С той стороны, откуда они пришли, где начиналась железная дорога, близится шум, которого Иуда никогда не слышал. Копыта отрывисто грохочут, барабаня по твердым камням. Кавалерия странников. Боринатчей. Они надвигаются со скоростью, вселяющей трепет. Их длинные, выше человеческого роста, не гнущиеся в коленях ноги совершают вращательные движения, как на шарнирах, молотя копытами воздух и толчками продвигая боринатчей вперед.
С нечеловеческой грацией они подбегают все ближе, их лица — то ли морды бабуинов, то ли деревянные маски — неподвижны и незабываемы, как у насекомых. Странники обрушиваются на жандармов, которые кажутся гномами рядом с ними, и, выворачивая негнущиеся ноги под самыми невероятными углами, опрокидывают телеги, едва удерживая равновесие, когда те кренятся и с грохотом рушатся.
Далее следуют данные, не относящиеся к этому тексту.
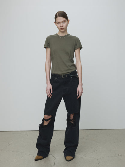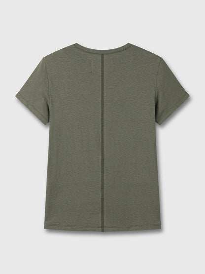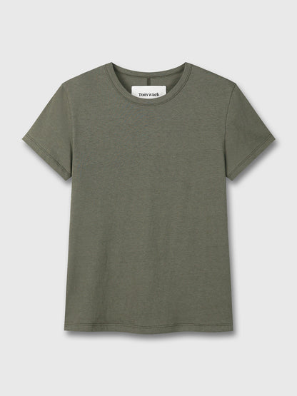 This crewneck short-sleeved T-shirt is made of cotton cashmere blend fabric. The Odlamp sewing technique applied to the center back is a detail that considers both functionality and design, minimizing discomfort from the stitching touching the skin while providing a sophisticated finish. The slim silhouette and classic crewneck design are combined to make this a daily item that can be naturally matched with any style, and it is a product that allows you to feel both luxury and practicality.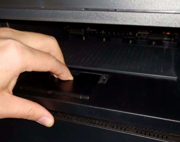 4、然后紧紧按住卡扣,拔出即可拿出旧墨盒。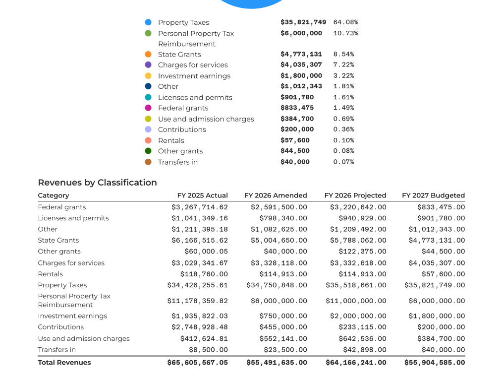 In 2025, Midland had total actual revenues of $65.6 million with $34.5 million coming from property taxes. In 2027, they are budgeting revenues of $56 million and expenses at a whopping $76 million.

Боринатчи сбрасывают на землю врагов, их руки движутся в иных плоскостях, чем те, которые доступны зрению Иуды.
Ощупью они преодолевают измерения, их руки становятся невидимыми и, протягиваясь через пространства, слишком широкие для людей, хватают жандармов или наносят им раны. Странники атакуют, скрывая орудия нападения в им одним ведомых уголках действительности, где те лишь на мгновение вспыхивают пурпурными цветами или жидкими серебристыми масками, а там, где боринатчи наносят удар, жандармы падают, рассеченные на части, раздавленные или странно уменьшенные, издают беззвучные крики и спотыкаются о внезапно выросшие под ногами складки почвы.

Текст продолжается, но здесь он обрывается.